Foreign ministers from China and the Arab world held their ninth meeting of the biennial China-Arab States Cooperation Forum earlier this month, at which they pledged to “deepen cooperation in various fields, and embrace new prospects in building a China-Arab community with a shared future,” according to Chinese state media outlet Xinhua. The meeting is sure to renew debates over the nature of Chinese influence in Gulf Arab states. China hawks in the United States often overemphasize China’s economic power in the region by focusing on the threats posed by companies like the telecommunications giant Huawei or BGI Group, a genetics company involved in building coronavirus testing centers across the Middle East. Other analysts downplay China’s economic credentials in the region, citing an underwhelming record of capital expenditures, job creation and foreign direct investment.
Both views have merits, but each misses a crucial point: that China’s growing economic influence in the Gulf region is best measured indirectly. China consumes an outsized share of the Gulf’s oil and gas exports, actively invests in state-linked entities, and provides sleek digital services to the region’s large youth population. The coronavirus pandemic and oil price rout of early 2020 afford China the opportunity to deepen and expand these dimensions of economic influence, especially over the medium and long terms.

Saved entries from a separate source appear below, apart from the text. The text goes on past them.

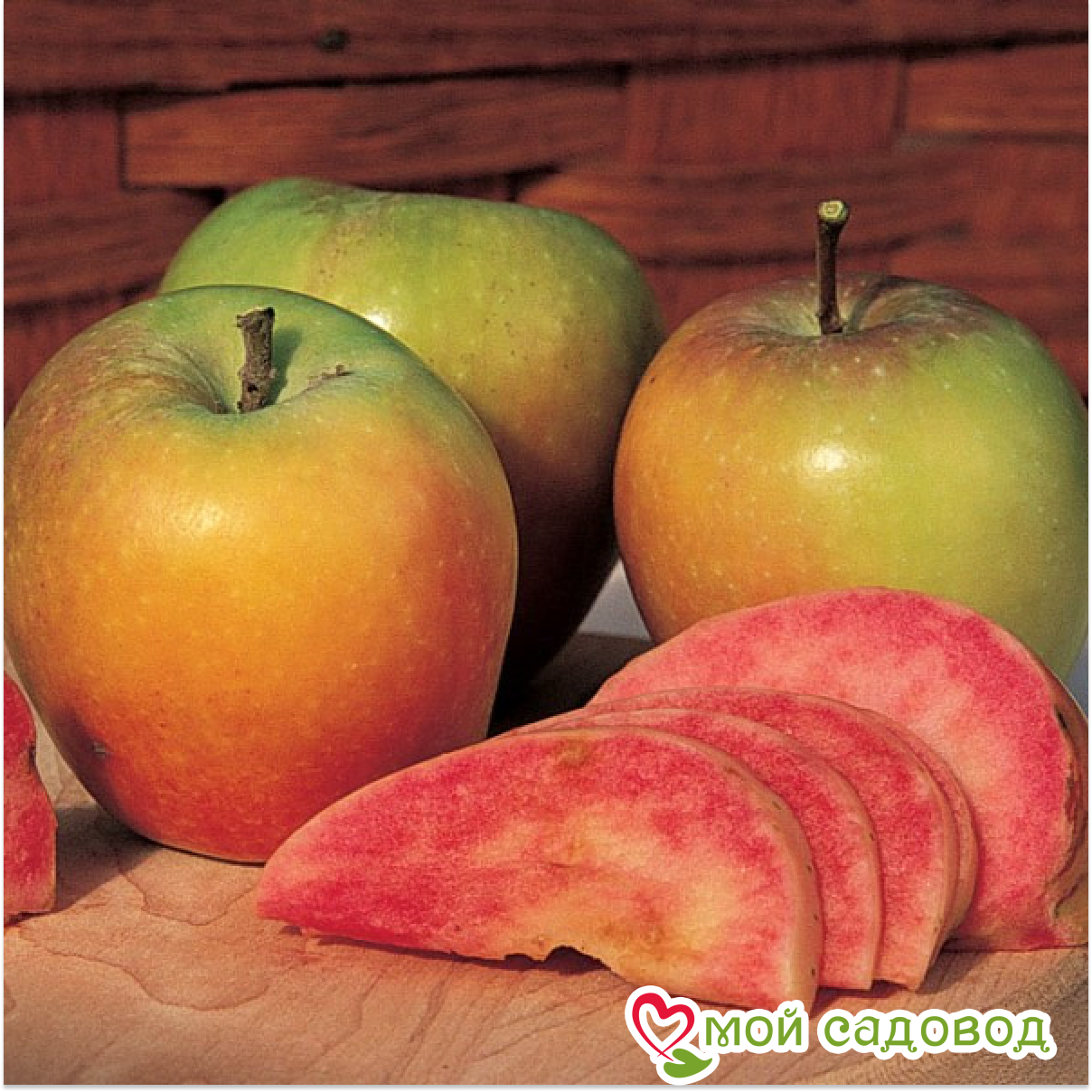 Яблоня Хидден Роуз (Hidden Rose) — поздне-осенний сорт яблони с розово-красной мякотью селекции США. Выведен в штате Орегон. Название сорта переводится как «Скрытая роза». Урожай созревает во второй половине сентября. Урожай отлично хранится до Нового Года. Плоды средних и крупных размеров, массой 120-150 г, отдельные до 200 г, что является хорошим стандартным результатом по крупности яблок, конической формы, желто-зеленые, с размытым оранжевым румянцем на половине плода. Кожица покрыта белыми точками, с небольшими розовыми пятнышками. Раскраска очень неординарная, броская, плоды внешне очень привлекательные. Мякоть насыщенно-розового цвета, очень сочная, хрустящая, очень ароматная, отличного сбалансированного кисло-сладкого вкуса, с небольшой изысканной терпкостью в первое время после сбора урожая, которая потом пропадает. Вкусовые качества отличные, становятся более высокими после некоторого периода улеживания и набирают большую сладость и аромат. Место посадки Главное условие при выборе места для посадки яблони — уровень залегания грунтовых вод. Высокое их стояние приводит к отмиранию корневой системы. В результате наблюдается явление суховершинности кроны, растение слабеет и погибает. Не подходят для яблонь и заболоченные участки, а также сухие песчаные почвы при близком залегании извести, щебня, плотных горизонтов глин. Место для посадки должно быть защищено от холодных северных ветров. В нашем интернет-магазине вы сможете купить Саженцы яблони Так же возможно вас заинтересуют Яблоня Джонатан и Яблоня Старк эрлиест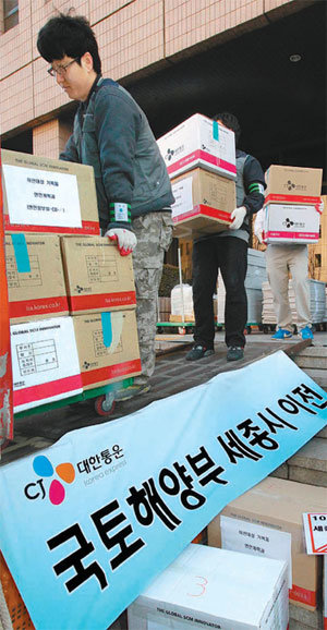 国土海洋部在开始世宗市搬迁的26日上午,物流公司的职员们正在搬迁果川政府大楼的物品。继果川政府大楼入住部门中第一个搬迁部门—国土海洋部之后,计划财政部、环境部、农林水产部、公正交易委员会等都将搬迁到世宗市。
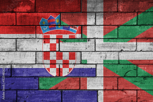 colourful painted big national flag of croatia and flag of basque country on a massive old brick wall background. concept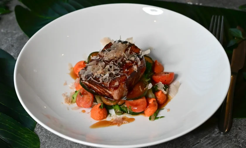 • Grilēts rozā tunča steiks sezama medus galazūrā ar ceptiem dārzeņiem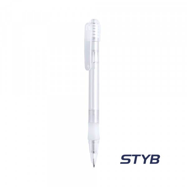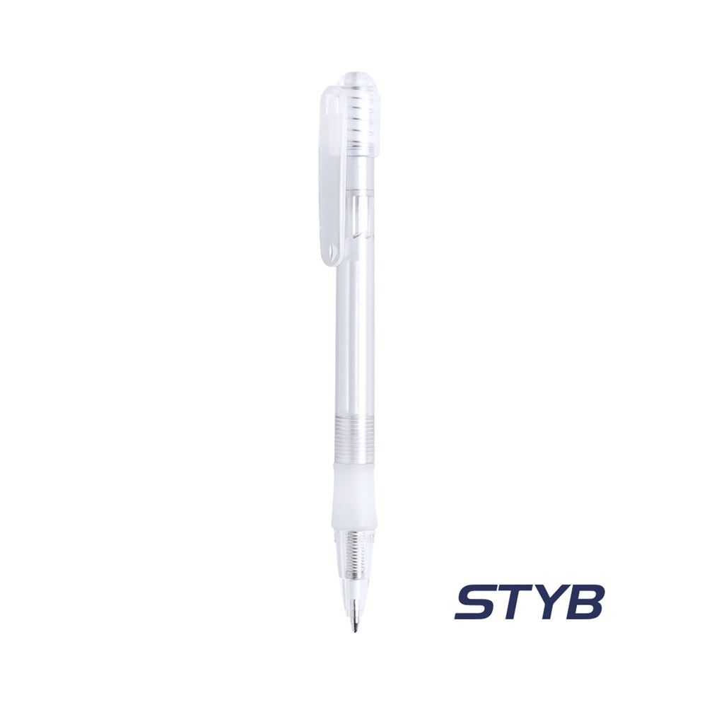 Druck-Kugelschreiber mit halbtransparentem Schaft in verschiedenen Farben und Details in transparentem Weiß. Mit angenehm weichem Gummigriff und ein blauer Tinte.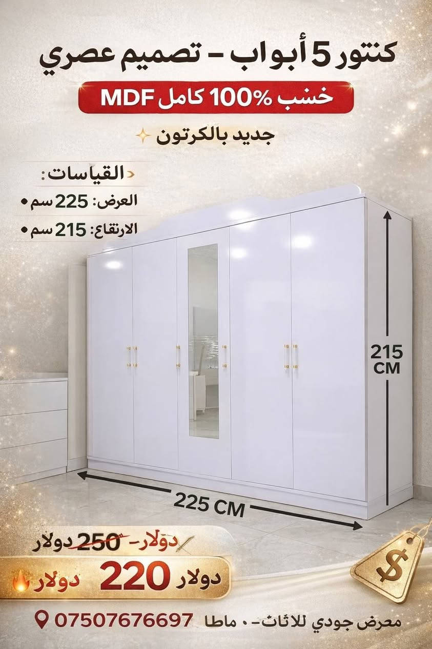 📢 كنتور 5 أبواب كامل خشب MDF ✨ جديد بالكرتون – خامة قوية ومتينة 💸 السعر بعد التخفيض: 220 دولار فقط (بدل 250$) 📍 دهوك – معرض جودي 📞 للتواصل والاستفسار : *********** ------------------- #معرض_جودي_بدهوك 🪑 أثاث تركي فاخر غرف نوم – غرف جلوس – غرف شباب – طاولات – كنتور – أسفنج عالي الجودة ✅ عروض مميزة وأسعار تنافسية 📌 ناونیشان: ⛔مالطا خاری-فرعی ئکی به ری سیناعی- به مبه ری مه دره سه (مالتاژئری) 📌 العنوان: دهوك – مالطا القديم – أول فرع قبل صناعة تصليح السيارات – مقابل مدرسة الابتدائية (قريب من مطعم مالطا – كونديه مالطا – خارنگه ها مالتا) #دهوكا_رنكين #موصل #خزائن_ملابس #اثاث_منزلي #زاخو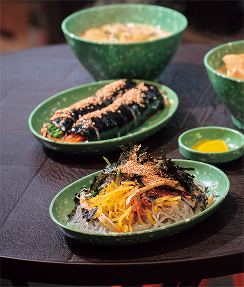 Especially in Busan, bibimdangmyeon can be pur-chased from a wide variety of food stands and restaurants in the Gukje Market. The seasoning for bibimdangmyeon is straightforward, yet each person may have their own formula for taste. Its ingredients are red pepper paste, sugar and sesame oil. Pickled radish, chives and seaweed are added as garnish.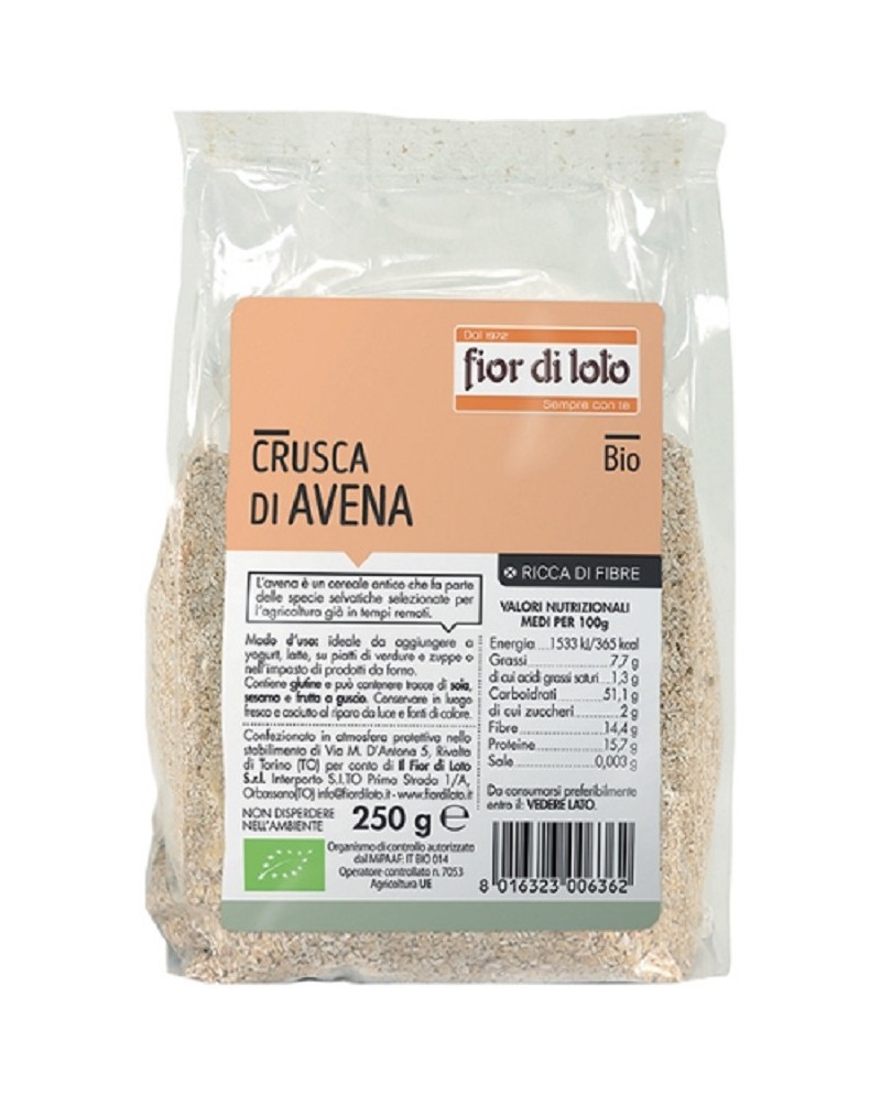 Crusca di avena "Fior di loto" in confezione da 250g. Alleato numero uno per il corretto mantenimento del tratto intestinale, la crusca d'avena è naturalmente ricca di vitamine, fibre, zinco e magnesio. Può essere impiegata nella preparazione di prodotti da forno o può essere aggiunta a cereali, latte o yogurt.

The oil and gas sector alone accounts for more than 70 percent of government revenues in most Gulf Arab countries, and China is a primary consumer of the Gulf’s oil and gas exports. While Gulf countries are trying to diversify their economies, government spending and the interrelated hydrocarbon industries remain the primary drivers of economic growth in the region. Thus, Beijing does play a key—albeit indirect—role in the ability of governments in the Gulf to allocate capital expenditures, create job opportunities, promote entrepreneurism and launch economic initiatives that attract investment.